PROBLEM TO WORK ON - Stop at the line containing "NIMS transitioned to": write out every line from the beginning of the entries up to and including it, minus the pictures.

DATA PROVIDED -
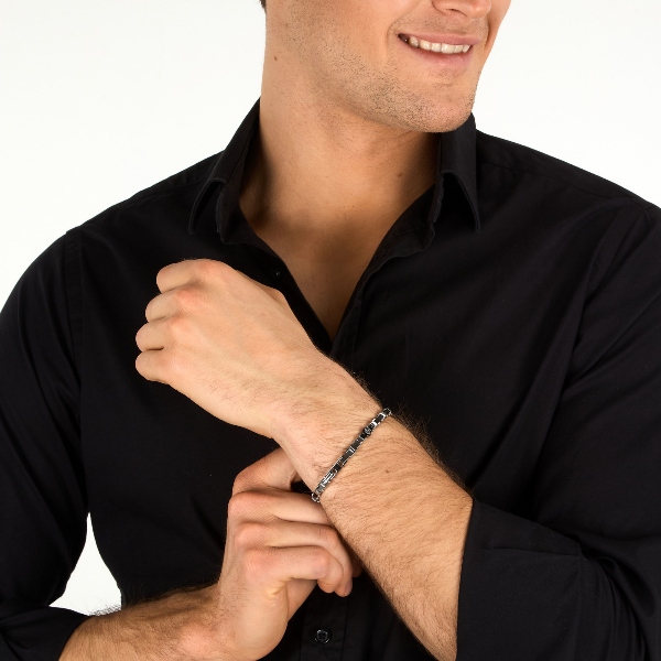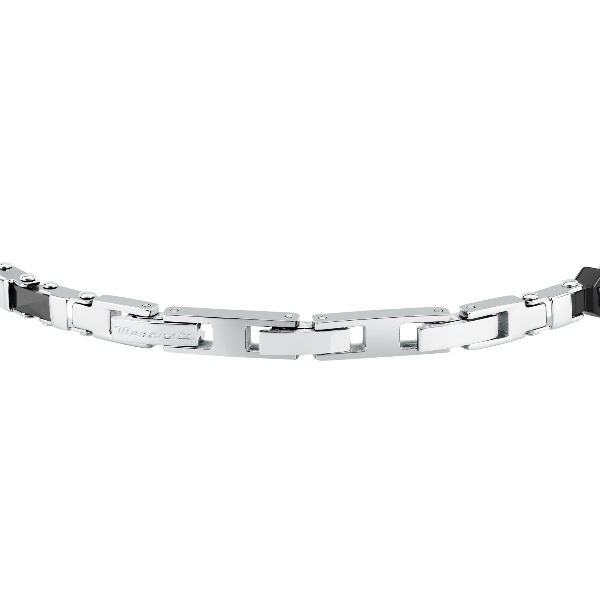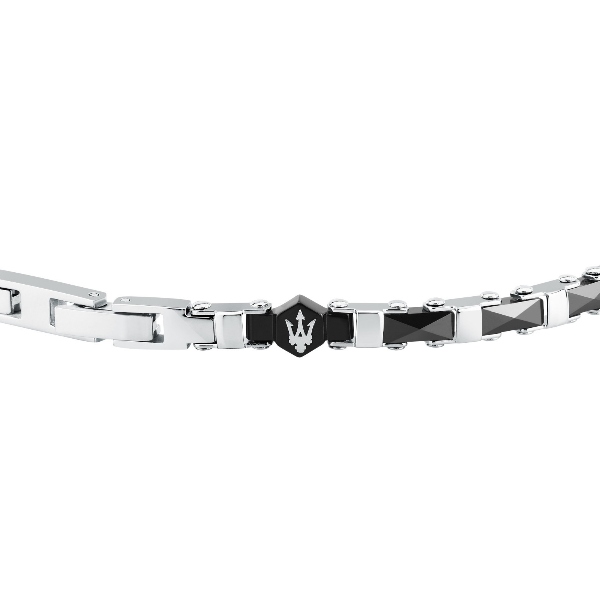 Ανδρικό βραχιόλι MASERATI CERAMIC JM226ATZ83 από ανοξείδωτο ατσάλι,ασημένιου και μαύρου χρώματος με τρίαινα(18+3,5cm).
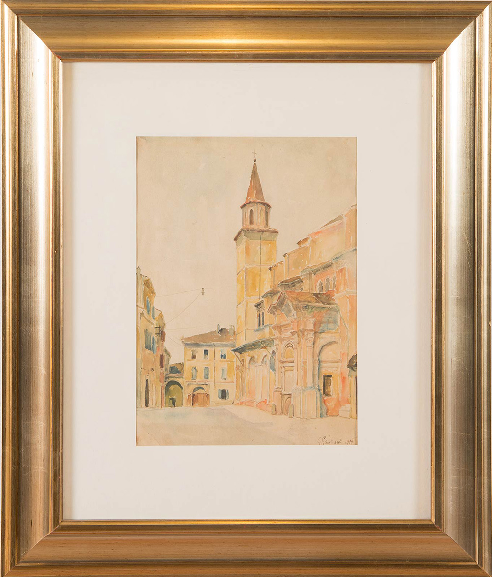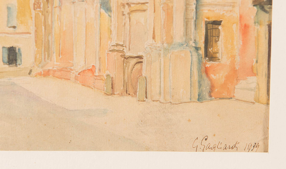 Giuseppe Gagliardi (Bologna 1902 – 2005), “Scorcio”, 1939. Acquerello su carta, firmato e datato in basso a destra G. Gagliardi 1939, H cm 31.5x23
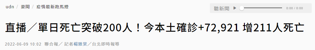 台疫情指揮中心指出,新增的211例本土病例死亡病例中有126名男性、85名女性,年齡介於10多歲至90多歲,皆屬重度感染病例,197例具有慢性病史、83例未接種新冠疫苗。
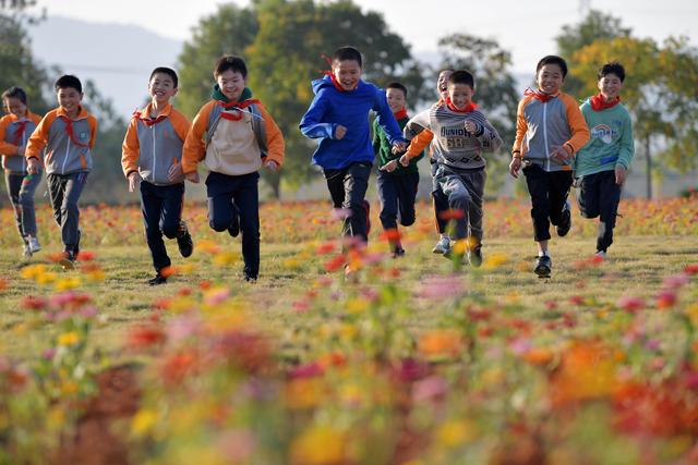 寨下鎮中心小學的學生們(men) 在花田間的綠地玩耍(11月9日攝)。
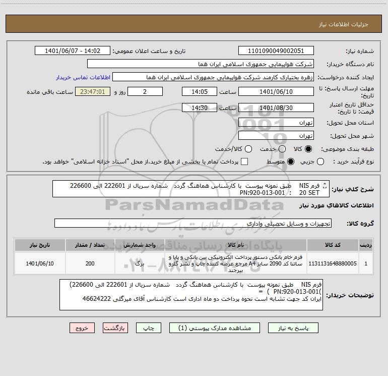 شرح کلی نیاز: فرم NIS طبق نمونه پیوست با کارشناس هماهنگ گردد شماره سریال از 222601 الی 226600 PN:920-013-001 : 20 SET
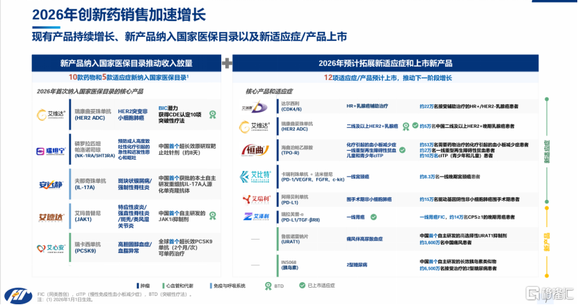 这意味着,像瑞康曲妥珠单抗等具备重磅潜力的新品,将首次享受医保报销的放量红利。以瑞康曲妥珠单抗为例,这款HER2ADC药物在2025年5月获批上市后,凭借优异的临床数据迅速打开市场,2026年进入医保后有望迎来爆发式增长。正是基于此,管理层给出了2026年创新药销售收入同比增长超30%的明确指引,彰显了对新一年增长的坚定信心。
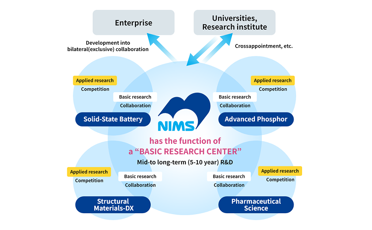 NIMS transitioned to a special national research and development corporation on October 1, 2016, under the 'Special Measures Law for the Promotion of Research and Development by Specific National Research and Development Corporations.' Positioned as a 'research institution excelling in specific fields,' NIMS is expected to produce world-leading results that form the foundation for scientific and technological innovation amid international competition.
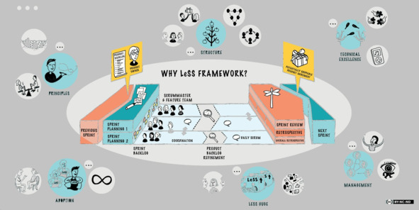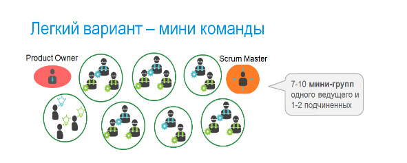Более сложный фреймворк – Large Scaled Scrum (LeSS) (русское описание) – несколько команд на одном продукте с общим Product Owner, BackLog, спринтами, планированием, демо и поставкой, это позволяет объединить до 8 команд. У фреймворка есть huge вариант, применяемый для больших компаний и рассчитанный на работу 1000+ человек.
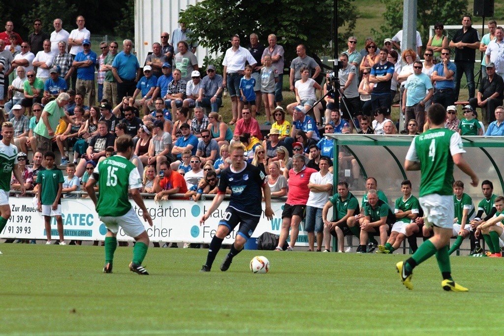 (hjj) Auch der FC Zuzenhausen war kein Prüfstein für die TSG 1899, obwohl man „erst“ in der 10. Minute das 0:1 markieren konnte. Der Verbandsligist ließ aber schon so ab und zu seine Klasse aufblitzen. Natürlich wäre es widersinnig, wenn man sich ernsthaft Gedanken gemacht hat, dass der FC eine Chance haben könnte. Wieder war erste Priorität, keine Verletzungen, Spielpraxis in der Vorbereitung für die die Ligaspiele, die Mitte August für die TSG 1899 beginnen, abgesehen vom Pokalspiel am 2. Augustwochenende und last but not least … Spaß an der Bewegung und am Spiel. Ich glaube das hatten beide, wobei das Ergebnis zweitrangig ist. Es war eine schöne Kulisse von gut 2000 Zuschauern, ich glaube der „Häuselgrund“ war schon lange nicht mehr so besucht. Die Attraktivität des Gegners war natürlich auch nicht ohne, obwohl eigentlich „Nachbar“ und nur wenige hundert Meter voneinander entfernt. Es begann, wie auch am Samstag in Wiesloch, sehr verhalten bis das erste Tor gefallen war, dann lief auch hier wieder das gleiche Programm ab. Was soll ich also viel Worte verlieren, hier ist eine kleine Auswahl, aus den 380 geschossenen Bildern …
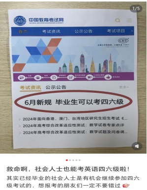 上述工作人员补充,官方从来没有公布过社会人士可以通过花钱或注册小自考来获取英语四六级报考资格的新规,也从未听过类似反馈,考生一定要以英语四六级官网为准,谨慎对待其他渠道的不实信息。
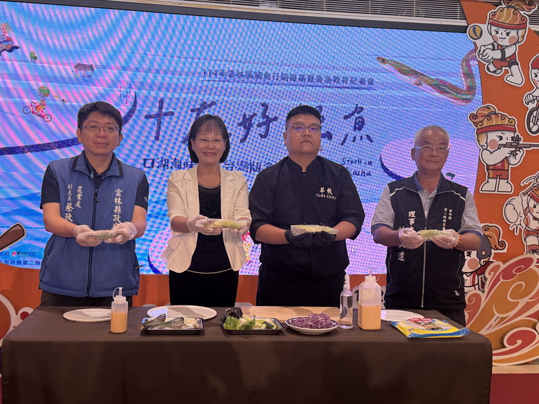 【大報新聞記者陳奕瑋/雲林報導】為推廣台灣在地鰻魚產業,並將口湖地方特色與漁村文化傳遞給大眾,雲林縣政府與雲林縣第二鰻蝦生產合作社今(22)日在縣府親民大廳舉辦鰻魚行銷推廣暨食魚教育記者會,副縣長謝淑亞、雲林縣第二鰻蝦生產合作社理事主席林欲達、縣府農業處副處長蔡耿宇、台灣版食通信執行長楊燦如、口湖鄉農會總幹事呂惠玲、縣議員陳芳盈助理陳宜盈、縣議員陳永修秘書陳盈儒等人共同邀請民眾多食用鰻魚,既健康又能替漁民打氣。
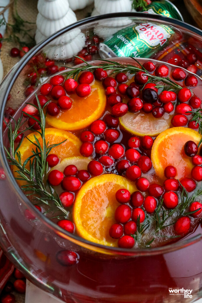 Ginger Ale adds a bubbly, slightly sweet, spiced base that combines with the punch’s flavors.
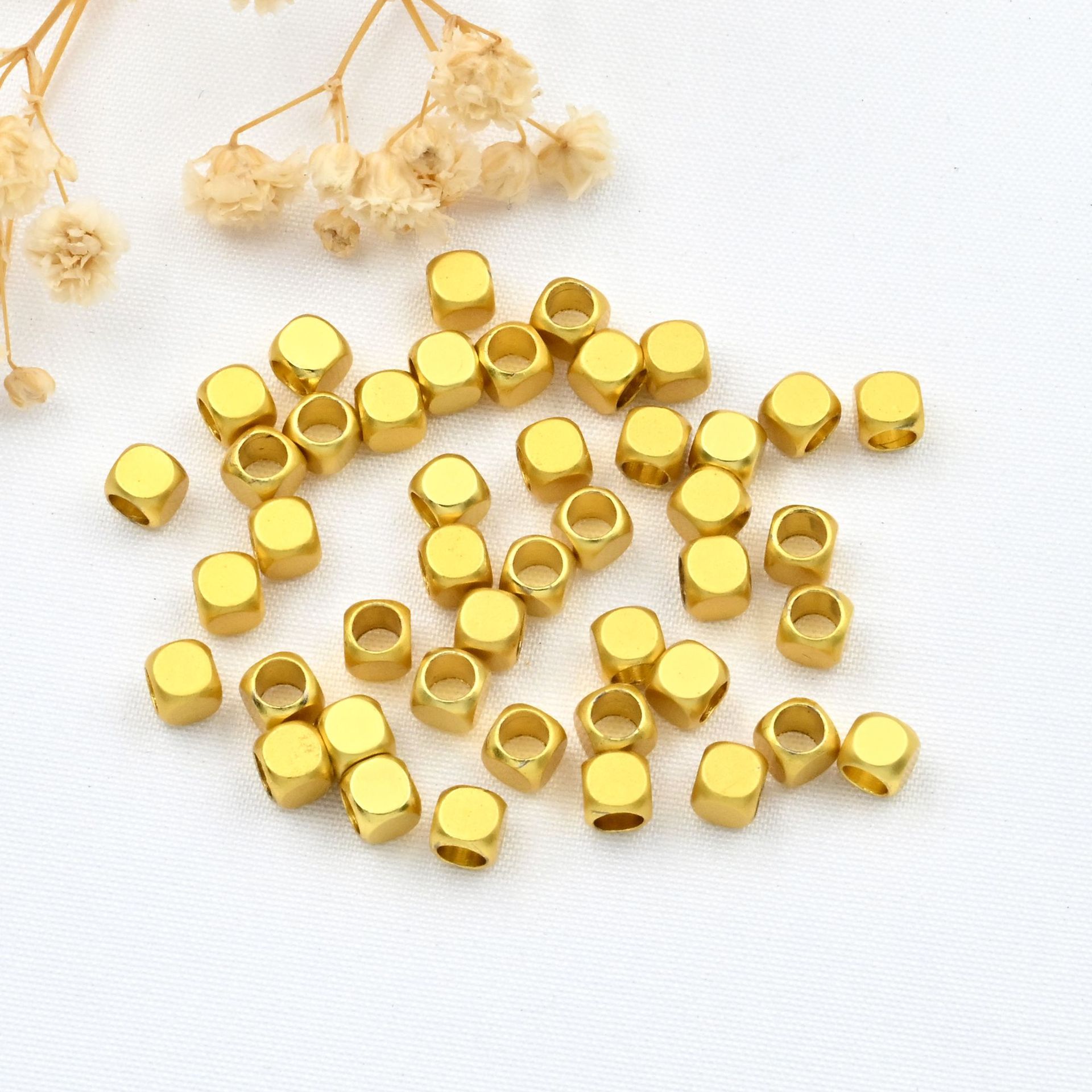 色落ちしない14/18Kゴールド 光沢のある無垢の四角いビーズ DIYジュエリー 手作りビーズ ルースビーズ 四角ビーズ 間隔ビーズ 材料

ANSWER FOR THIS EXERCISE -
 Ανδρικό βραχιόλι MASERATI CERAMIC JM226ATZ83 από ανοξείδωτο ατσάλι,ασημένιου και μαύρου χρώματος με τρίαινα(18+3,5cm).
 Giuseppe Gagliardi (Bologna 1902 – 2005), “Scorcio”, 1939. Acquerello su carta, firmato e datato in basso a destra G. Gagliardi 1939, H cm 31.5x23
 台疫情指揮中心指出,新增的211例本土病例死亡病例中有126名男性、85名女性,年齡介於10多歲至90多歲,皆屬重度感染病例,197例具有慢性病史、83例未接種新冠疫苗。
 寨下鎮中心小學的學生們(men) 在花田間的綠地玩耍(11月9日攝)。
 شرح کلی نیاز: فرم NIS طبق نمونه پیوست با کارشناس هماهنگ گردد شماره سریال از 222601 الی 226600 PN:920-013-001 : 20 SET
 这意味着,像瑞康曲妥珠单抗等具备重磅潜力的新品,将首次享受医保报销的放量红利。以瑞康曲妥珠单抗为例,这款HER2ADC药物在2025年5月获批上市后,凭借优异的临床数据迅速打开市场,2026年进入医保后有望迎来爆发式增长。正是基于此,管理层给出了2026年创新药销售收入同比增长超30%的明确指引,彰显了对新一年增长的坚定信心。
 NIMS transitioned to a special national research and development corporation on October 1, 2016, under the 'Special Measures Law for the Promotion of Research and Development by Specific National Research and Development Corporations.' Positioned as a 'research institution excelling in specific fields,' NIMS is expected to produce world-leading results that form the foundation for scientific and technological innovation amid international competition.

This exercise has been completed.